Remote desktop software

HP Z Remote Graphics Software (RGS), temporarily known as HP ZCentral Remote Boost, is a client-server remote desktop software developed by HP Inc. for workstation power users doing CAD, VFX, and other high end visualization applications. It was first launched in 2003.

HP RGS enables remote access to workstations (or virtual workstations) from many different devices, including other workstations and thin-clients. HP RGS was designed for industries where true color accuracy is critical, and was the first remote display protocol to offer full 4:4:4 color in the days before chroma subsampling was a thing and professional CRT monitors provided full RGB color.

HP RGS enables remote work and hybrid work where data can stay on site, but engineers and artists can work from anywhere.
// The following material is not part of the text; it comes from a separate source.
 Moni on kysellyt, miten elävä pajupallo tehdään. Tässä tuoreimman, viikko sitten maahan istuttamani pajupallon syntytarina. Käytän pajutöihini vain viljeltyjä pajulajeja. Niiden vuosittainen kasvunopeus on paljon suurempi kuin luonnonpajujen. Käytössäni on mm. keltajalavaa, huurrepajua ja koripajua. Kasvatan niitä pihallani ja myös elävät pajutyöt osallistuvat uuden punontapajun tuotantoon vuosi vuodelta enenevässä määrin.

It also enables real-time collaborative screen sharing between multiple users, and multiple operating systems such as Windows, Linux and MacOS.
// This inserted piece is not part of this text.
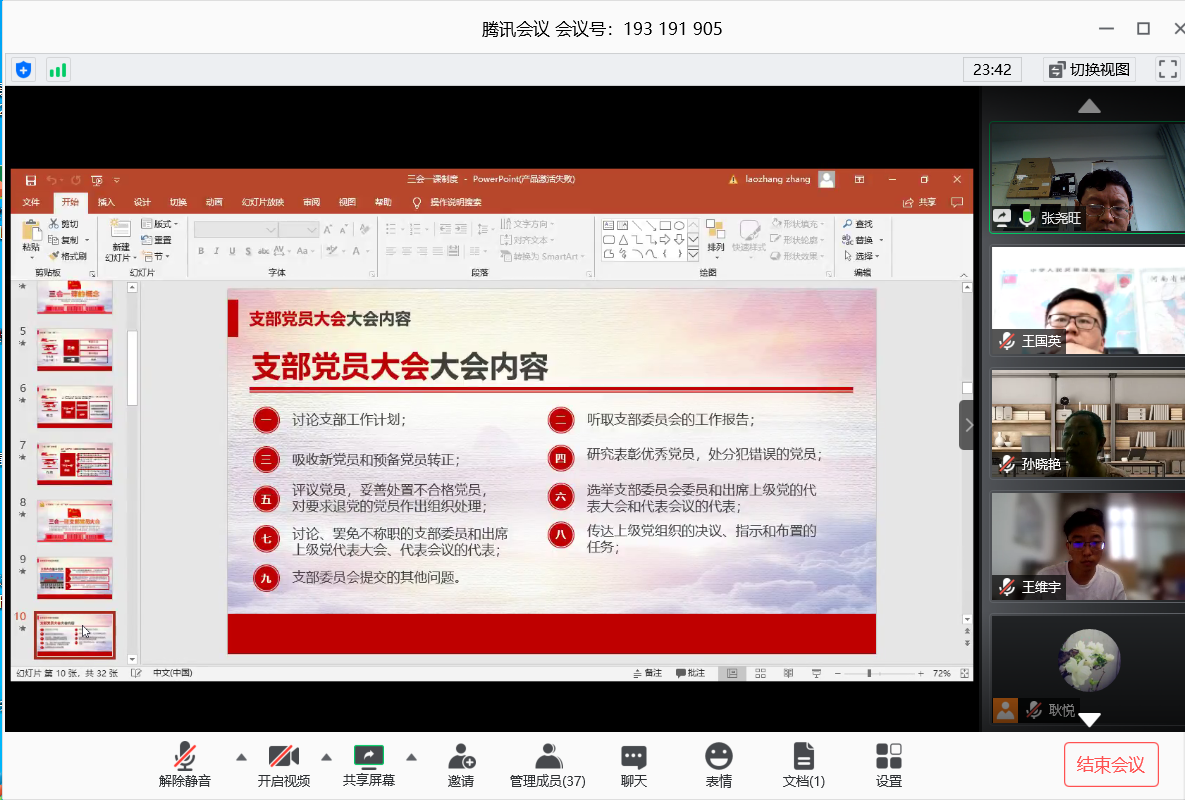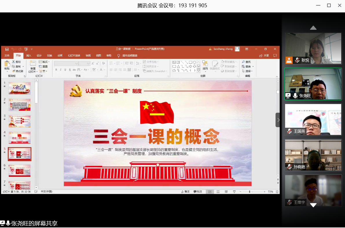 616日下午,环境工程学院副院长张尧旺(主持工作)以“认真落实三会一课制度”为主题,以腾讯视频会议形式为全体教师上了一堂党课。

The remote desktop tool is optimized to provide low latency interactions, even with poor network conditions such as packet loss.
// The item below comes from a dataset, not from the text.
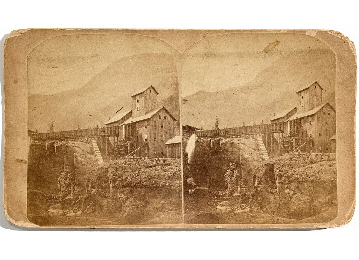c1875 Rare B & W stereo view of the Crooke Reduction Works and canyon surrounding it. The famous Crooke Mining & Smelting & Co. in the Hassayama district. The Crooke mine was about 3 miles east of the Hassayampa, and was said to have produced over $50K in gold. By 1878 they were selling stock in the mine and its works. The famous John N. Goodwin became its president, signing certificates. He layer became the Territorial Governor. Bud Bassett Collection - HKA#65414

In 2020, HP rebranded RGS to HP ZCentral Remote Boost as part of the HP ZCentral racked workstation solution. ZCentral Remote Boost was awarded an Engineering Emmy Award in 2020.

HP RGS processing and hardware-accelerated graphics are done on the workstation and only compressed bitmap images (the screen) are sent to the client device.

There are two components to the software, the sender (for the workstation or server) and the receiver (for the client device). The software supports OpenGL and Microsoft DirectX. The software is sold for access to workstations, GPU servers, and virtual machines. HP included HP RGS with its Z workstations from version 5.4.7 in 2011 to version 20.4 in 2022. HP RGS can be downloaded from HP.com/go/rgs. The current version requires a license.

An early version of the HP RGS video compression codec, is derived from a patented system developed by HP Labs and used in the NASA Mars rover program.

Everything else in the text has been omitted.